#### AIM OF THE EXERCISE
Only text lines belong in the answer: the lines from the first one in the records through the line with "Die Küchenzeile verfügt", copied exactly.

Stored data
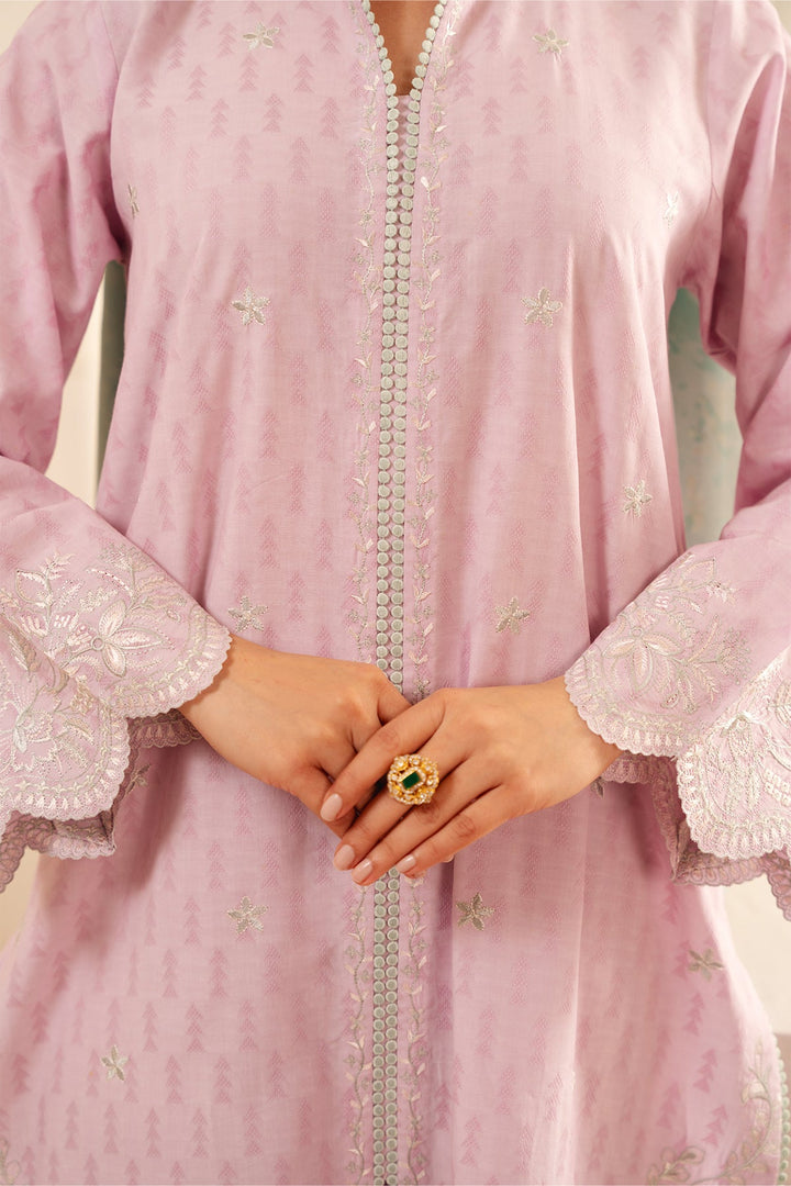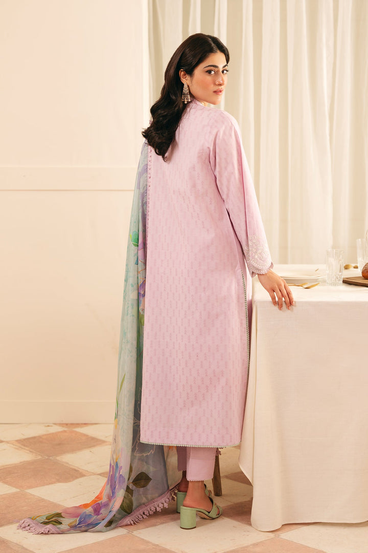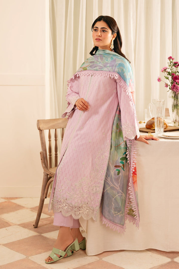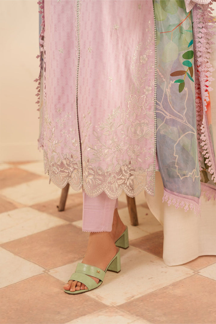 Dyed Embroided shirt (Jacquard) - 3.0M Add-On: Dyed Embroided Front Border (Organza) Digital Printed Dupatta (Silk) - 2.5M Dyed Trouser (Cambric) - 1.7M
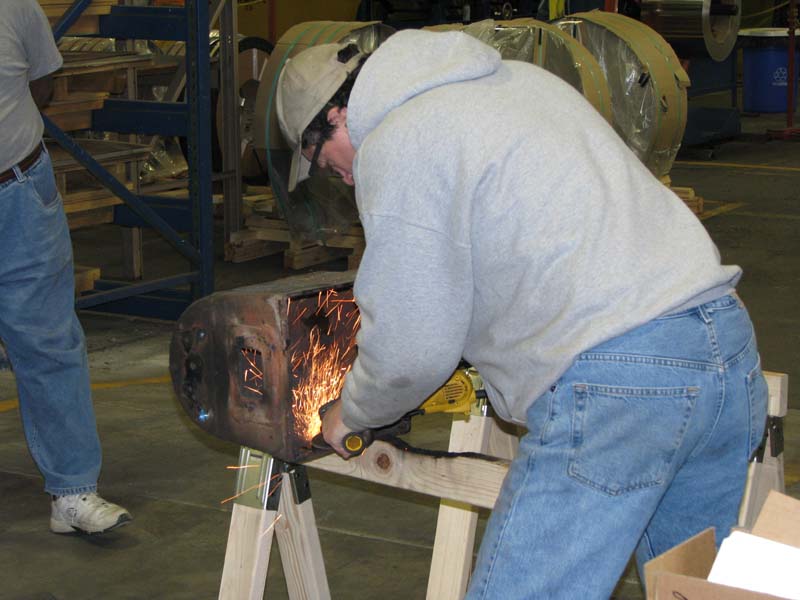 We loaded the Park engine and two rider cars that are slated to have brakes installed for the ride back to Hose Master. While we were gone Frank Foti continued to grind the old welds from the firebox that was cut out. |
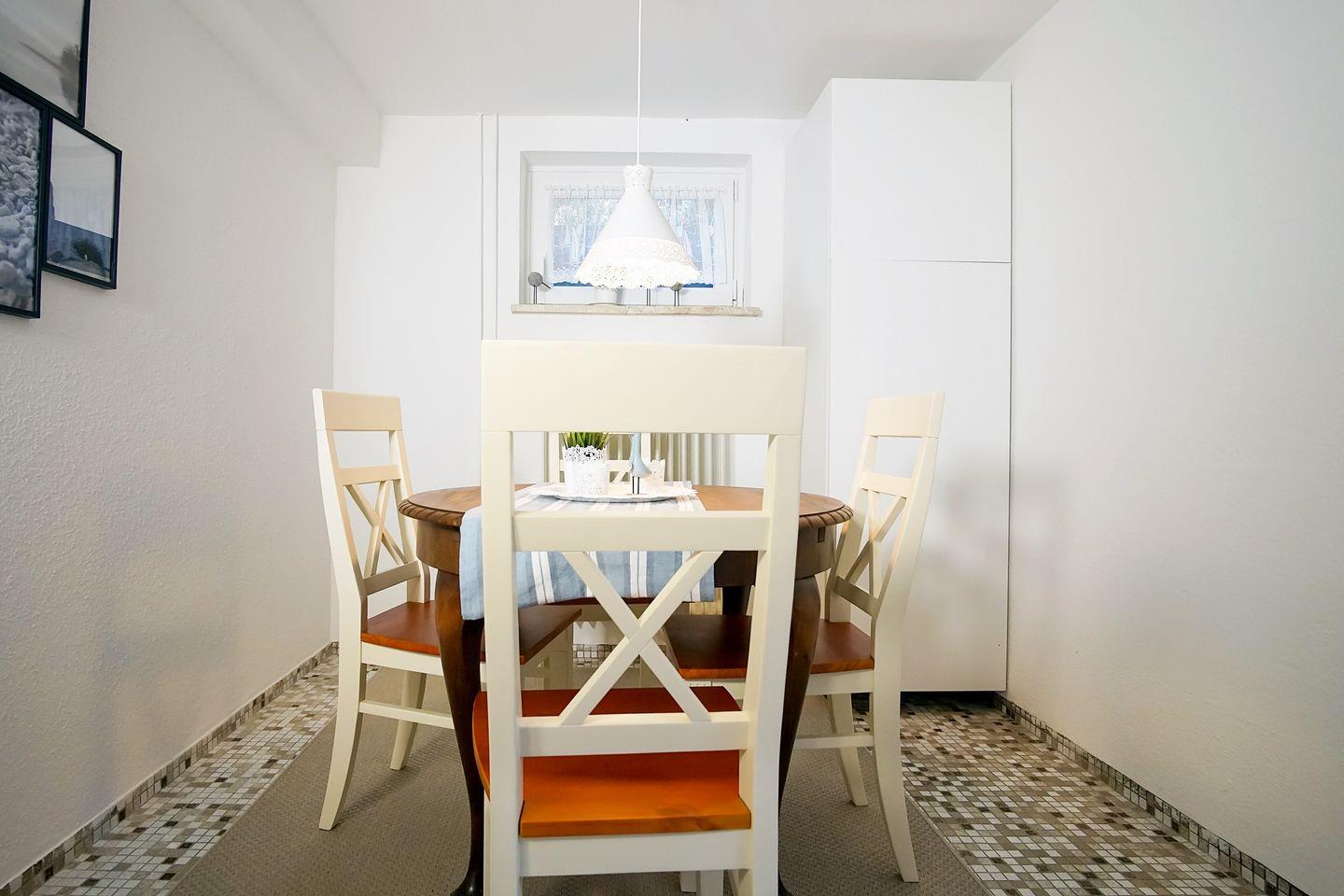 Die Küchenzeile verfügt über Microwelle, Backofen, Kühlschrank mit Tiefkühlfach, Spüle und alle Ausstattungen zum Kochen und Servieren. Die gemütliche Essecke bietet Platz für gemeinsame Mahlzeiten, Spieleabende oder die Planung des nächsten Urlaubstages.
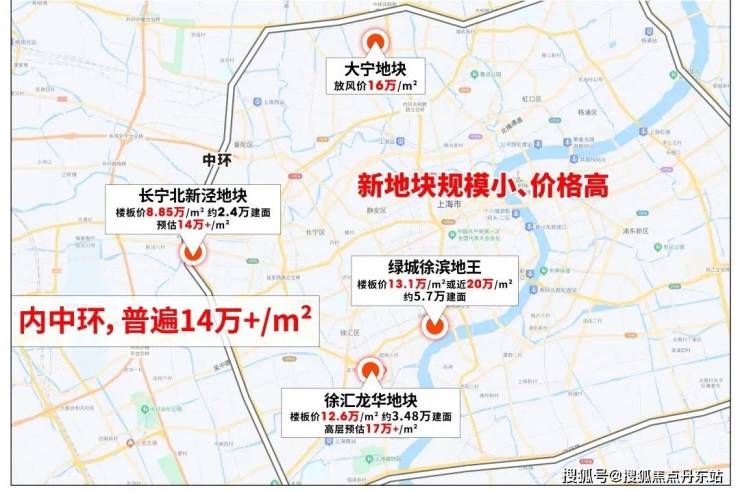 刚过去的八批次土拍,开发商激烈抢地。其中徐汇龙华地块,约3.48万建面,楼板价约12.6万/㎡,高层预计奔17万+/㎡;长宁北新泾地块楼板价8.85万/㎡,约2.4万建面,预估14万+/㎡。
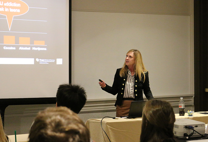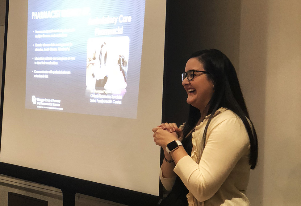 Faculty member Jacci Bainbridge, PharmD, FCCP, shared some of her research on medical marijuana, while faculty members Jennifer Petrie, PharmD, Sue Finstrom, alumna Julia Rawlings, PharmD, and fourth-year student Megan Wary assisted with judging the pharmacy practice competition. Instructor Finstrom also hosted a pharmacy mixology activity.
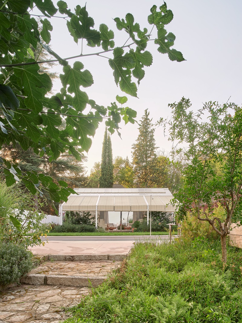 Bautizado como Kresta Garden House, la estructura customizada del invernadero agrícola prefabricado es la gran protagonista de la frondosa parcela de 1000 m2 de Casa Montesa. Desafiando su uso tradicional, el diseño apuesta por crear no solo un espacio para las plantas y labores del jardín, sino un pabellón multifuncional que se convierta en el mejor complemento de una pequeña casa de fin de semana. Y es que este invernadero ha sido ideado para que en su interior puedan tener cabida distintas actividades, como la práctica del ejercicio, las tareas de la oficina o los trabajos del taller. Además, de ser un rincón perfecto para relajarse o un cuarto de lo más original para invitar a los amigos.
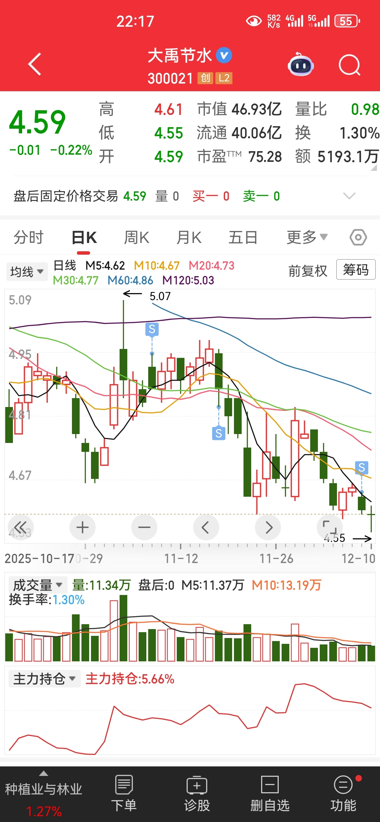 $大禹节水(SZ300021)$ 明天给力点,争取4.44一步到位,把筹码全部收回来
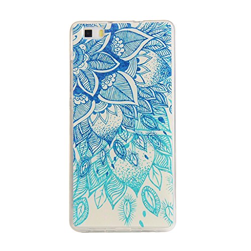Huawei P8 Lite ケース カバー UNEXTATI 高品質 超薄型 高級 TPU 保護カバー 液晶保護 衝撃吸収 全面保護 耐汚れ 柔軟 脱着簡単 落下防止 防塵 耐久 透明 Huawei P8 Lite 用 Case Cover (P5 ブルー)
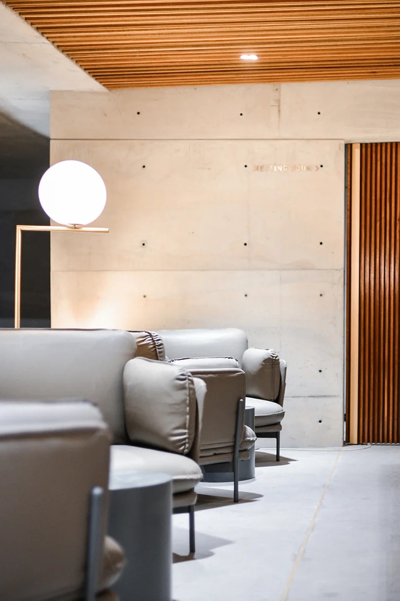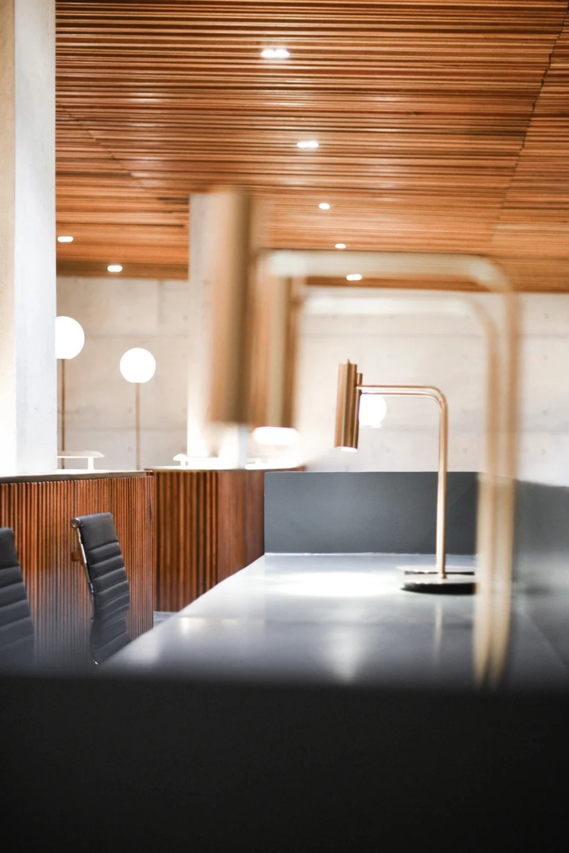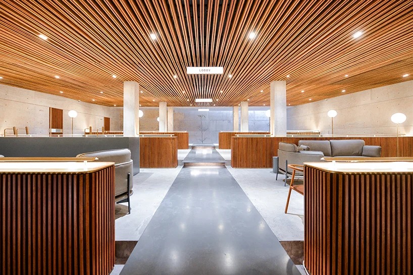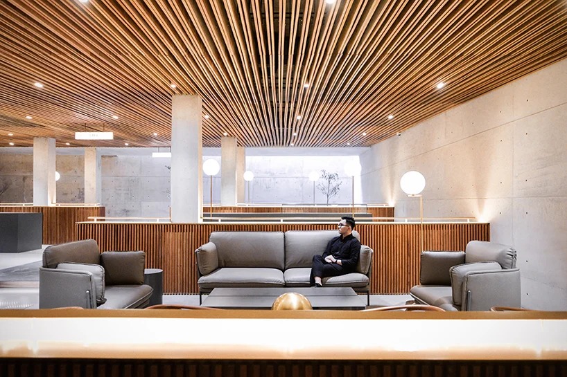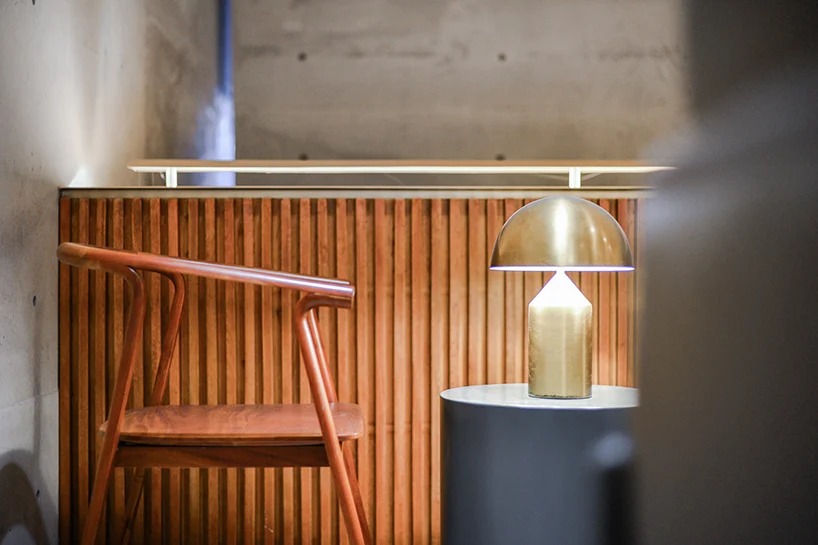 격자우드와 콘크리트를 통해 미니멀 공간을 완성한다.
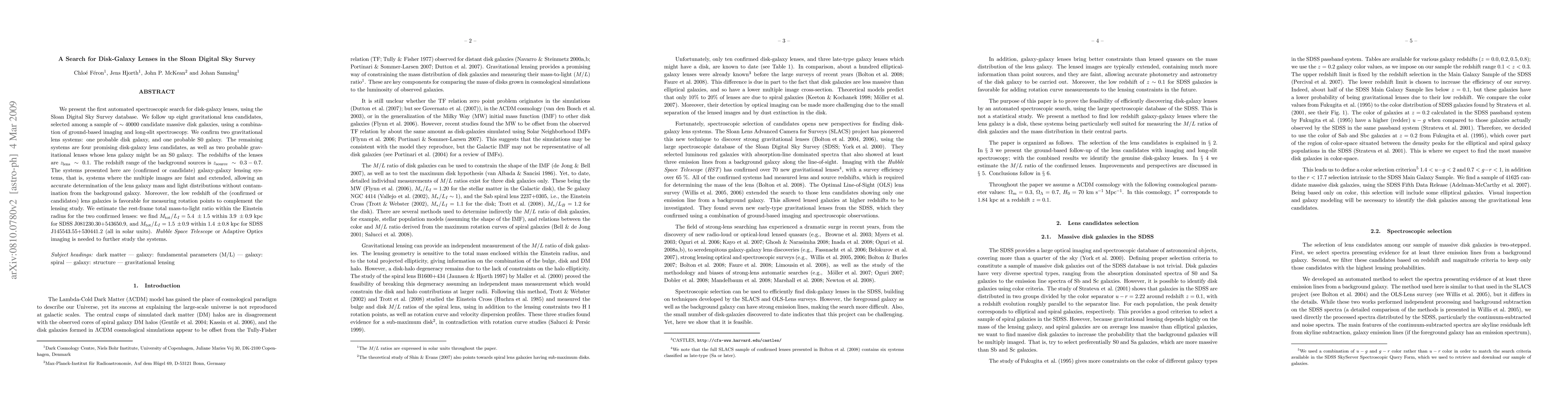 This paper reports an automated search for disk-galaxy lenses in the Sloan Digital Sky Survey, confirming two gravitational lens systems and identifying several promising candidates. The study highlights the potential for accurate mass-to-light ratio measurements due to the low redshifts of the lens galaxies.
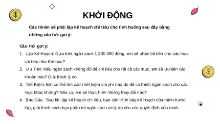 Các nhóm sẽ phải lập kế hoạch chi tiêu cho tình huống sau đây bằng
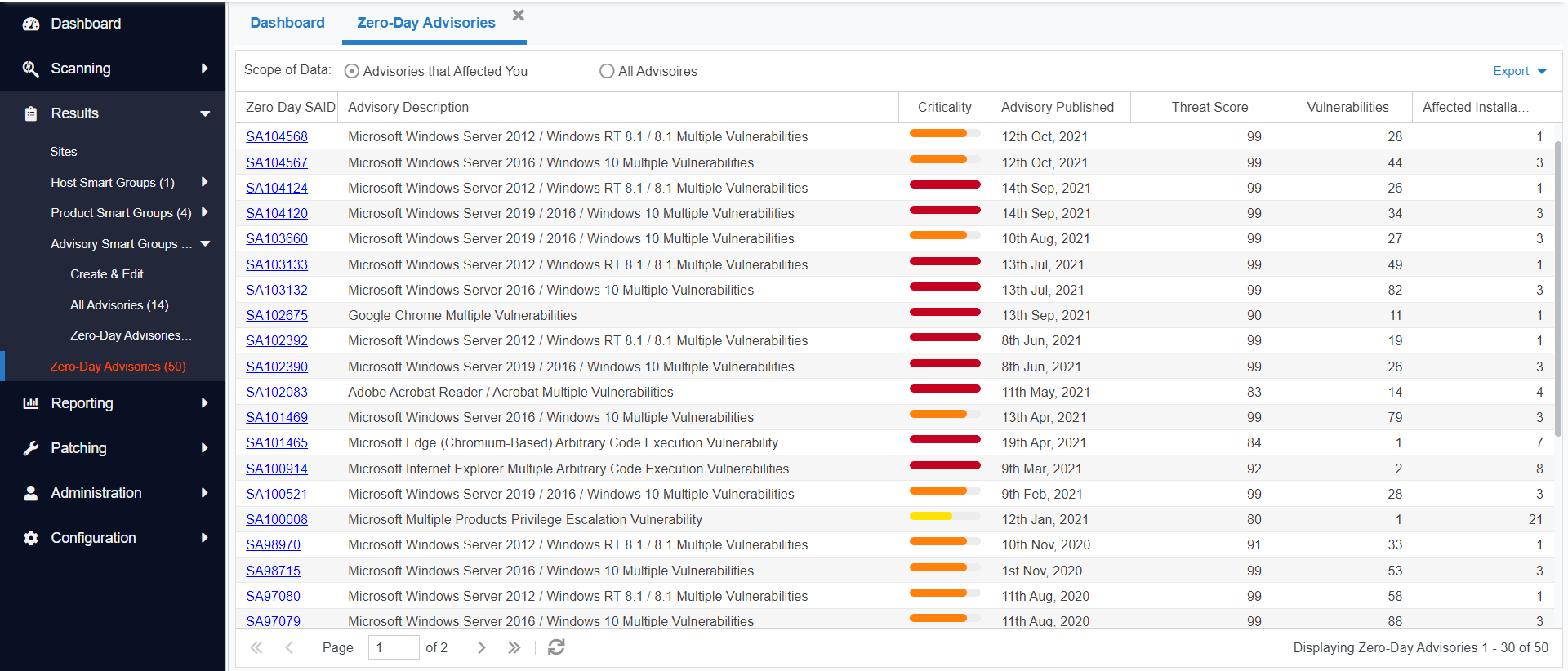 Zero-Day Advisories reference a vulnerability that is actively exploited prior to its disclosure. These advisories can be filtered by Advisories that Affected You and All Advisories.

#### TASK SOLUTION
 Dyed Embroided shirt (Jacquard) - 3.0M Add-On: Dyed Embroided Front Border (Organza) Digital Printed Dupatta (Silk) - 2.5M Dyed Trouser (Cambric) - 1.7M
 We loaded the Park engine and two rider cars that are slated to have brakes installed for the ride back to Hose Master. While we were gone Frank Foti continued to grind the old welds from the firebox that was cut out. |
 Die Küchenzeile verfügt über Microwelle, Backofen, Kühlschrank mit Tiefkühlfach, Spüle und alle Ausstattungen zum Kochen und Servieren. Die gemütliche Essecke bietet Platz für gemeinsame Mahlzeiten, Spieleabende oder die Planung des nächsten Urlaubstages.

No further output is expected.